Task goal: Could you copy exactly the lines from the one containing "- Senteravstand hull sete/lokk" through the last line of the records, leaving out every picture?

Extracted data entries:
###
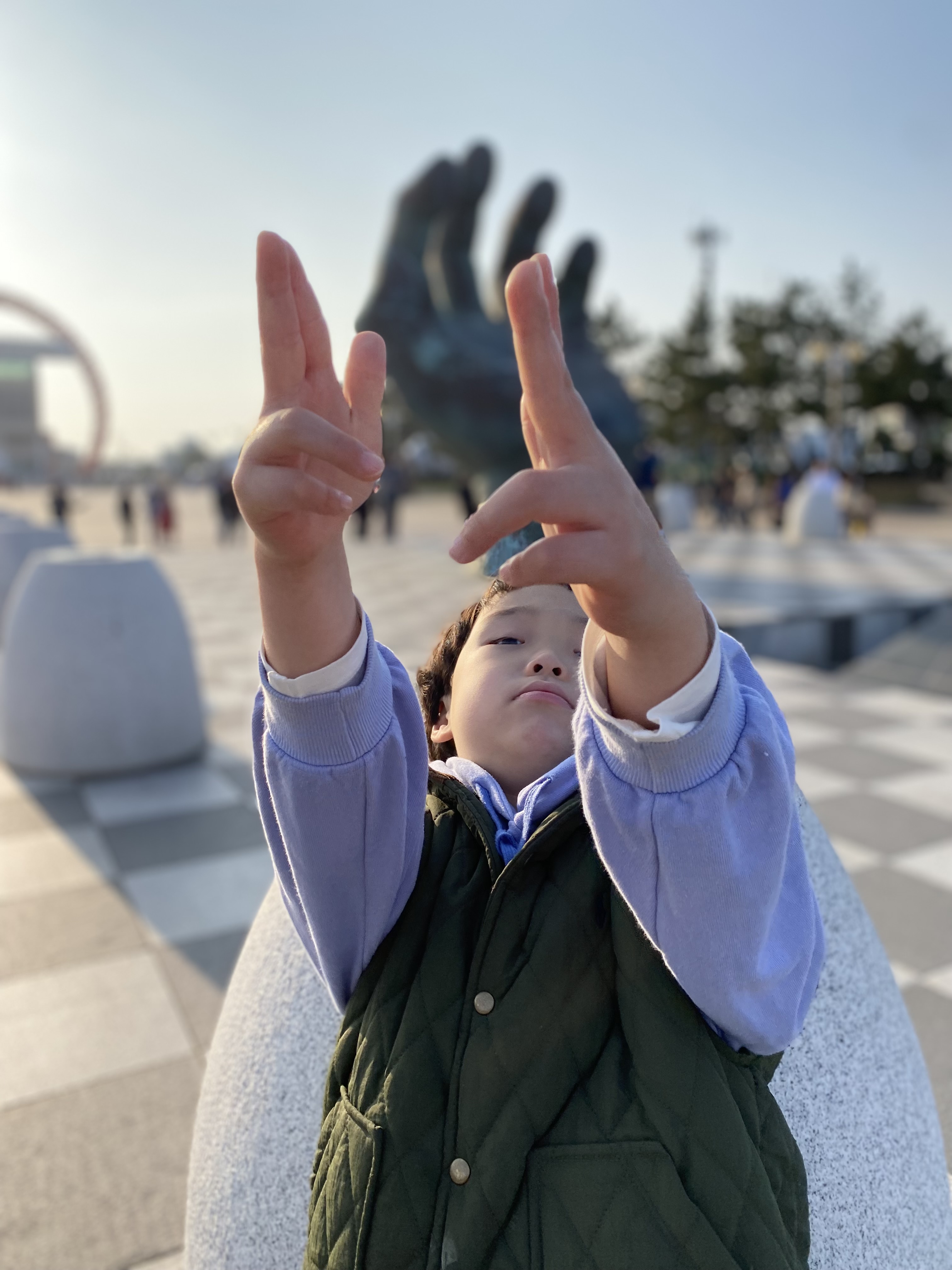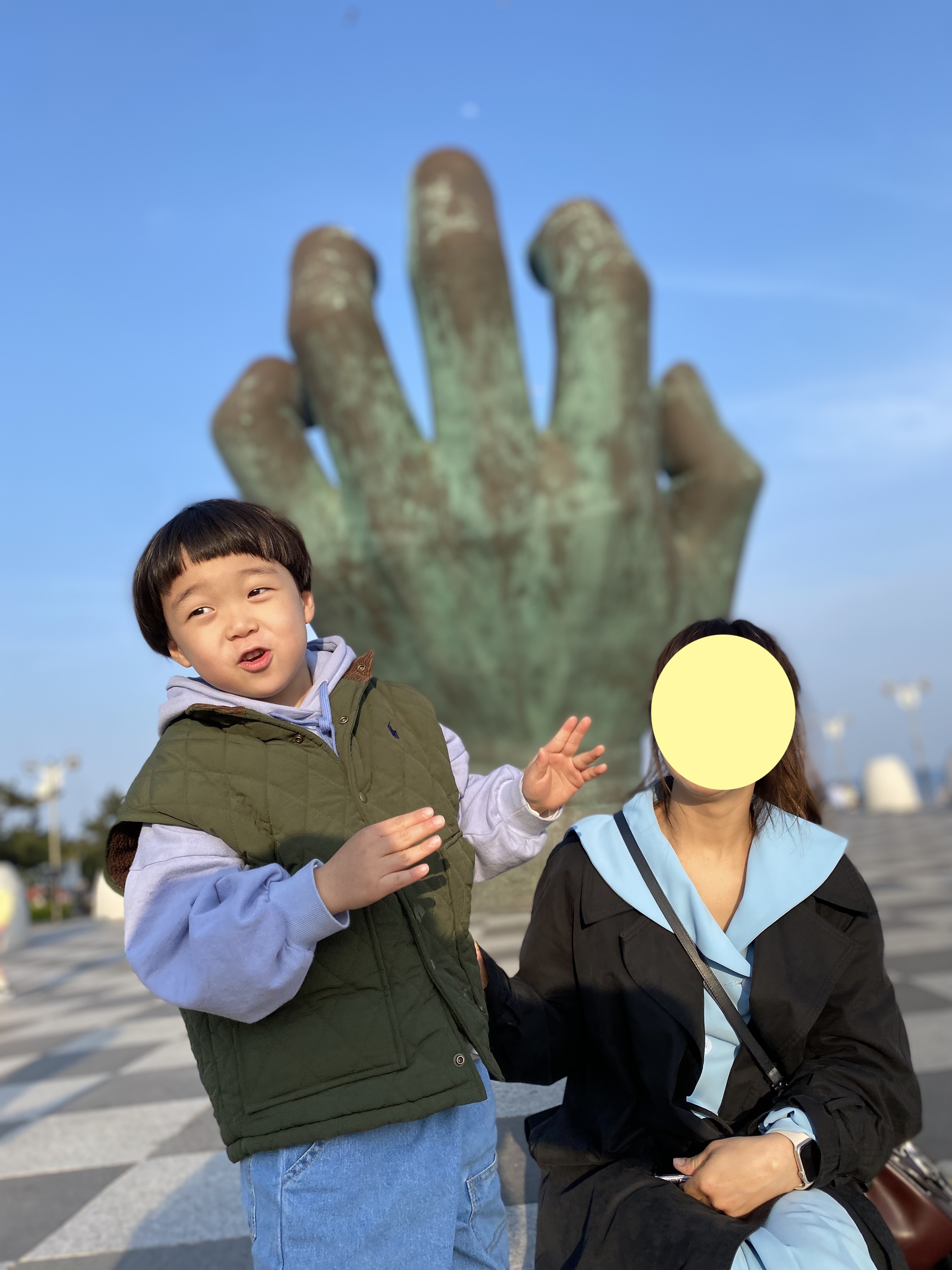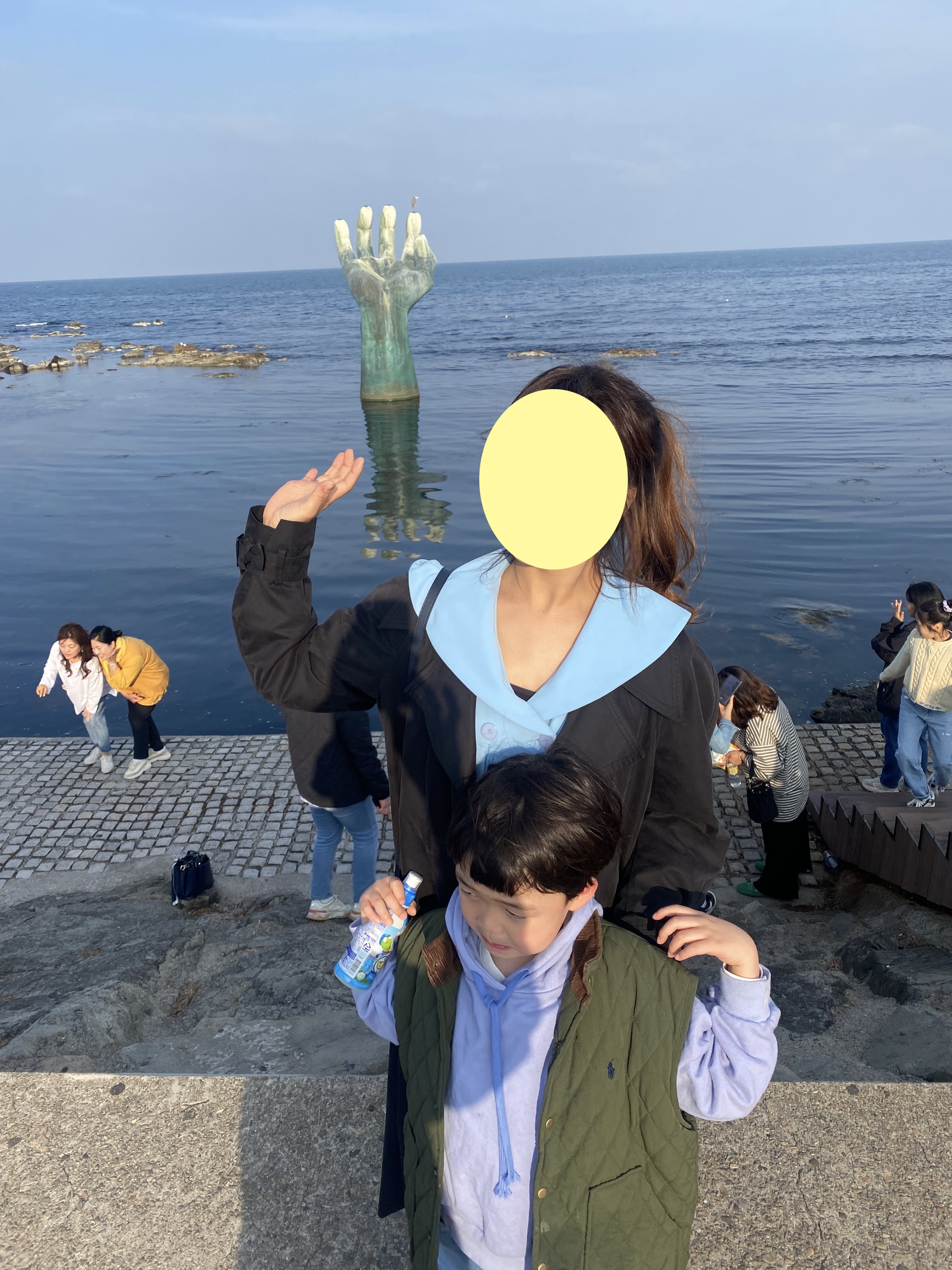 여기서부터는 호미곶 광장에 있는 손 동상과 바다에 설치되어 있는 손 동상에 관련된 사진인데요 아들에게 옛날에 초거대 거인이 여기 살았었는데 그때 거인의 손을 두 군데다 설치해놓은 거라고 MSG를 많이 쳤지요~ㅋㅋㅋ 초1 아들은 아직 스마트 기기에 노출이 적게 되어서 그런지 아빠 말을 엄청 신기해하며 잘 들어줬답니다^^
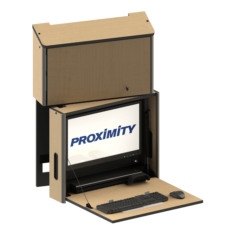 The Embrace™ INT Right Swivel Wall Mounted Computer Workstation seamlessly blends modern aesthetics with practical functionality. Designed to meet the demands of various settings, this unit offers the same advantages as our Embrace™ INT model, but with a 90-degree worksurface RIGHT swivel.
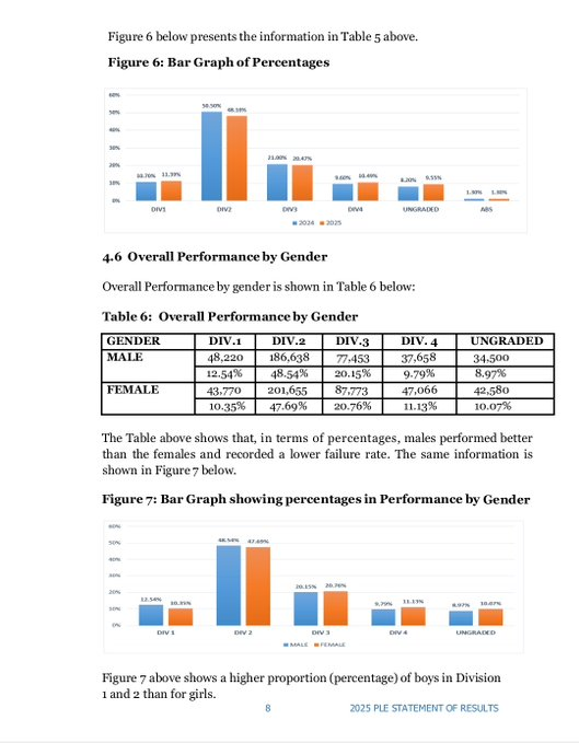 The Uganda National Examinations Board (UNEB) has released the results of the 2025 Primary Leaving Examination (PLE), revealing that male candidates performed better than females and registered a lower failure rate.
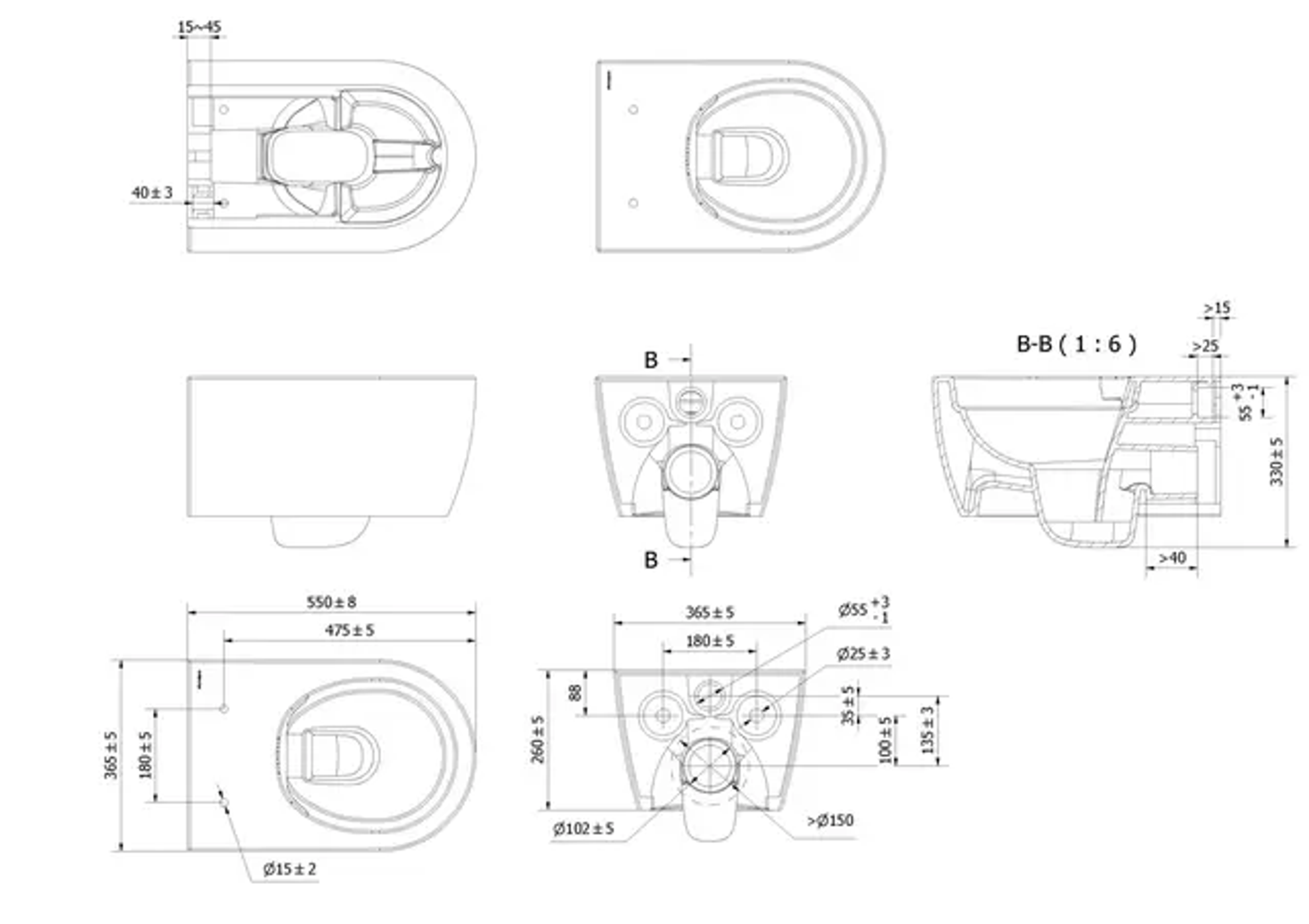 - Senteravstand hull sete/lokk
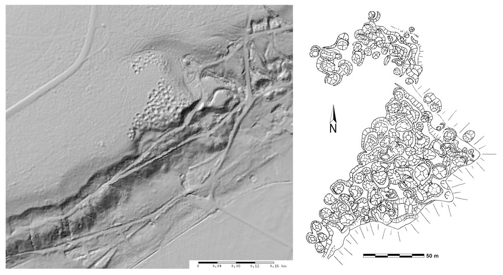 Abb. 7 – Schummerung und Vermessung des Trichtergrubenfeldes auf der Prügelleite bei Wehringen-Straßberg. (links: Geobasisdaten © Bayerische Landesvermessungsverwaltung)., rechts: M. Straßburger) HLB
###
Task answer:
 - Senteravstand hull sete/lokk
 Abb. 7 – Schummerung und Vermessung des Trichtergrubenfeldes auf der Prügelleite bei Wehringen-Straßberg. (links: Geobasisdaten © Bayerische Landesvermessungsverwaltung)., rechts: M. Straßburger) HLB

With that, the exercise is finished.